Julian Assange wanted Snowden to release the information through WikiLeaks, but the site’s “total transparency,” Snowden says, wouldn’t allow for proper authentication and curation of such incendiary material. Snowden emphasizes that the distinction was important to him — not that the government would see it that way. “Whereas other spies have committed espionage, sedition and treason,” he writes, “ I would be aiding and abetting an act of journalism.”
In his acknowledgments, Snowden thanks the novelist Joshua Cohen for “helping to transform my rambling reminiscences and capsule manifestoes into a book.” (As the N.S.A. might know, I edited several articles by Cohen in a previous job.) It’s like a recursive loop of life imitating art imitating life; in Cohen’s “Book of Numbers,” published in 2015, a novelist named Joshua Cohen is hired to ghostwrite the autobiography of a mysterious tech billionaire … whose search-engine company happens to be sharing information with government agencies.
“Permanent Record” weaves together personal intel and spycraft info, much of it technologically elaborate yet clearly explained. You’ll also learn that even in our fragmented era, the tools of mass surveillance have revealed one thing that seems to connect almost everyone who’s online: porn. “This was true for virtually everyone of every gender, ethnicity, race and age,” Snowden writes, “from the meanest terrorist to the nicest senior citizen, who might be the meanest terrorist’s grandparent, or parent, or cousin.”

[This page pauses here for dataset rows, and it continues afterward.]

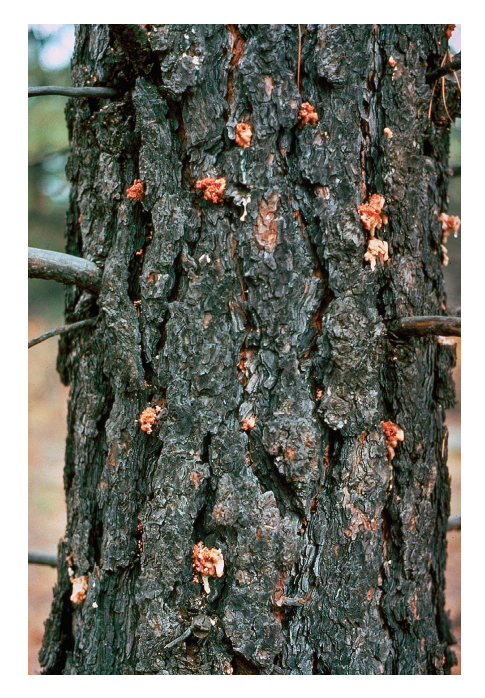
Figure 2: "Pitch tubes" indicating trunk attacks by MPB. Success of the attacks is confirmed by looking under the bark with a hatchet for beetles, their tunnels and/or bluestaining.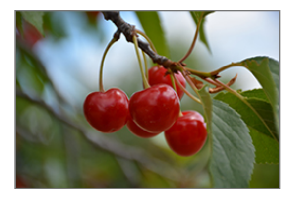
Montmorency Cherry fruit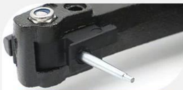
Special ear tag needle

This is funny, but it’s ominous, too. Without belaboring his points, Snowden pushes the reader to reflect more seriously on what every American should be asking already. What does it mean to have the data of our lives collected and stored on file, ready to be accessed — not just now, by whatever administration happens to be in office at the moment, but potentially forever? Should such sensitive work be outsourced to private contractors? What entails effective “oversight” if the public is kept in the dark? When can concerns about “national security” slip into bids for unchecked power?
Snowden doesn’t reveal too much about his life in exile. He and Lindsay have since married, renting a two-bedroom apartment in Moscow, where he beams out his image through a screen-on-wheels, nicknamed the “Snowbot,” giving talks about privacy to audiences around the world. He says he takes care to avoid being recognized in public — “but nowadays everybody’s too busy staring at their phones to give me a second glance.”